Where Teams Usually Step on Rakes

Contract testing is powerful, but it is not magic dust. You can absolutely do it badly.

The classic mistakes:

  • The provider team writes contracts based on what they hope consumers use.
  • Consumers generate contracts from mocks that do not match real client code.
  • Tests assert entire JSON blobs and break every time metadata changes.
  • Provider verification runs nightly, long after the breaking pull request merged.
  • Webhook examples live in docs but never run as executable verification.

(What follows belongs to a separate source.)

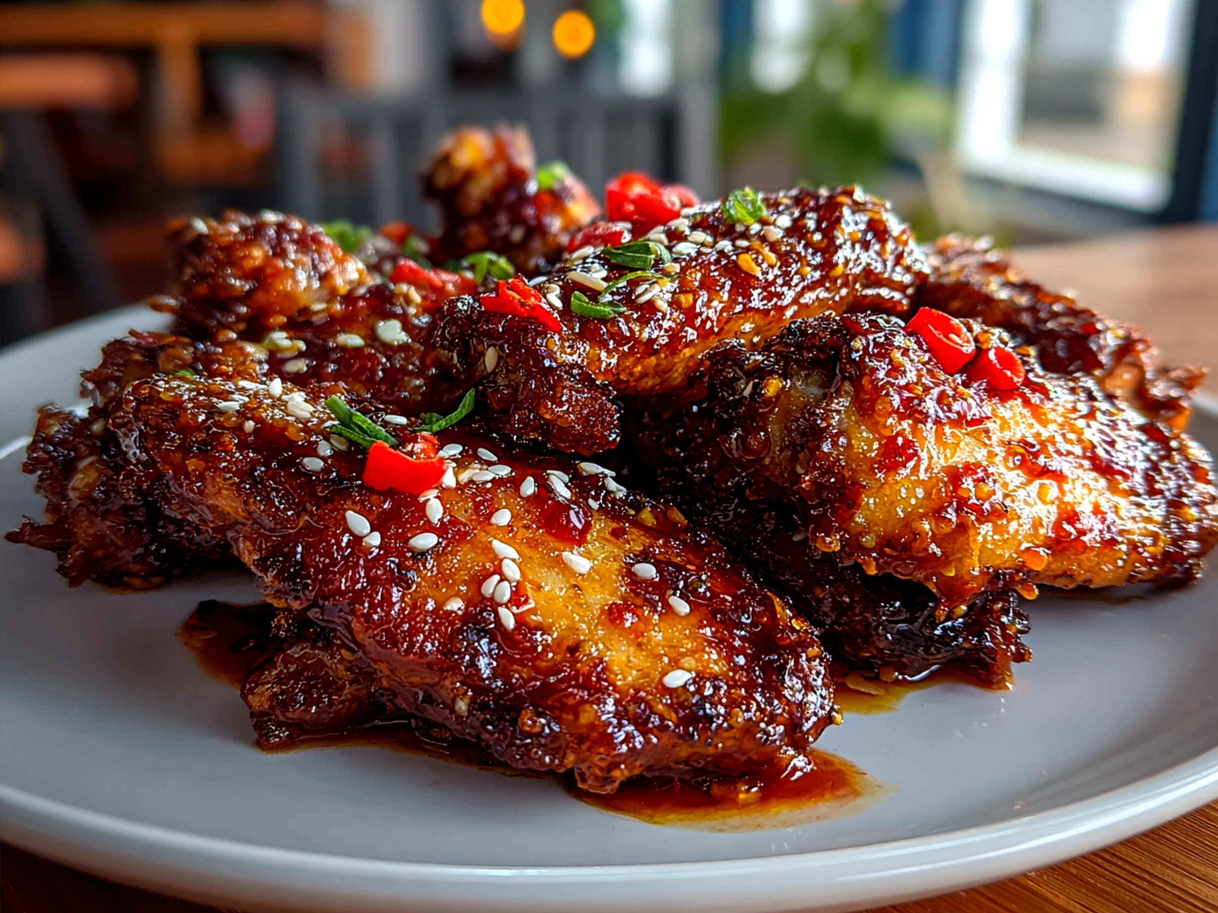 The kitchen smelled like an Asian market at dusk—bright, fragrant, with a hint of smoky sweetness. That moment, sharing baked sweet chili wings with Kim, wasn’t just about snacking; it became a ritual of sorts. We ate slowly, savoring each bite together and talking about summer nights and city escapes. These wings, crispy on the outside but sticky from the sauce, felt like a bridge connecting flavors and memories.

The worst smell is a contract nobody owns. Each consumer should own the contracts that describe its needs. Each provider should own verification. Both sides should agree on support windows, deprecation timelines, and what counts as breaking.

This is not bureaucracy. This is how you avoid the "who broke the app" meeting, which is just a blame-shaped standup with worse lighting.

Rollout Plan: Start Small or Suffer

Here is the boring plan that actually works:

  1. Pick one consumer and one provider with a history of integration bugs.
  2. Add contracts for three happy paths and three error paths.
  3. Run provider verification in CI as non-blocking for one week.
  4. Fix noisy matchers, missing state setup, and bad assumptions.
  5. Turn the check into a required gate.
  6. Add webhook contracts for important events.
  7. Expand to other consumers only after the first slice is stable.

Do not sell this internally as "we are building a contract testing platform." That sounds like a six-month meeting. Sell it as "we are preventing another Friday API surprise." People understand pain. Start there.

Wrapping It Up

API contract testing is the engineering equivalent of making services sign the agreement they were already pretending to follow. Unit tests prove your code works alone. Contract tests prove it still works with the systems depending on it.

Start with money, auth, onboarding, and webhook-driven workflows. Keep matchers strict about meaning but flexible about harmless change. Verify providers before deployment. Treat breaking contract failures as design feedback, not annoying test noise.

Combined with Best Practices for API Versioning and Backward Compatibility, A Beginner's Guide to REST vs GraphQL APIs - When to Use Which, and Reliable Webhook Delivery: Idempotent and Secure, contract testing gives TypeScript teams a very practical superpower: shipping API changes without making every consumer hold its breath.

Actionable Takeaways

  • Contract the behavior consumers actually use: required fields, status codes, error envelopes, pagination, auth expectations, and event identifiers.
  • Verify providers before deployment: contract tests belong in provider CI, where breaking changes can be fixed before rollout.
  • Version real breaking changes: if a contract fails because consumers depend on old behavior, migrate deliberately instead of hoping nobody notices.